Baby incubator transport is a life support tool used to maintain the body temperature of newborn babies during transportation from one place to another, such as from a hospital to an intensive care center with more complete facilities. The problem that often occurs in transport incubators is limitations in the power system. Baby incubator transport uses a battery as the main power source. However, the limited battery power can cause risks to the baby if there is a problem with the power system or the battery runs out. This study aims to monitor the remaining battery voltage in a transport baby incubator that uses fuzzy logic to control the temperature inside and will compare with the performance of PID control. This research uses a fuzzy logic method to control temperature and maximize battery power. In this study, researchers only looked at the efficiency of the fuzzy logic method in temperature control and the battery that will be used. The research uses a display that will display the battery voltage and current values, battery power percentage, skin temperature, chamber temperature, humidity and the selected temperature control. The module that has been made is then compared with the Digital Multimeter measuring instrument.

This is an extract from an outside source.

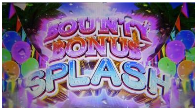
BOUNTY BONUS SPLASH

純增約 2.8 枚/G 的擬似 BONUS，BOUNTY BONUS 至少 20G，AT 期待度約 40% BOUNTY BONUS SPLASH 至少 40G，AT 期待度約 67%。消化中突入 BONUS 中的 CZ 時為當選 AT 的好機，抓到 7 連線則當選 AT 濃厚。AT 中的 BONUS 如果 7 連線會突入 GOLDEN ZONE

From the results of data collection, the measurement of the remaining battery voltage between the sensor reading and the measuring instrument has a difference where at a temperature of 34 ºC it is 2.1%, at a temperature of 35 ºC it is 2% and at a temperature of 36 ºC it is 3.9%. When compared to research using PID control, fuzzy logic takes longer to reach the desired temperature and demands more battery power when compared to PID control.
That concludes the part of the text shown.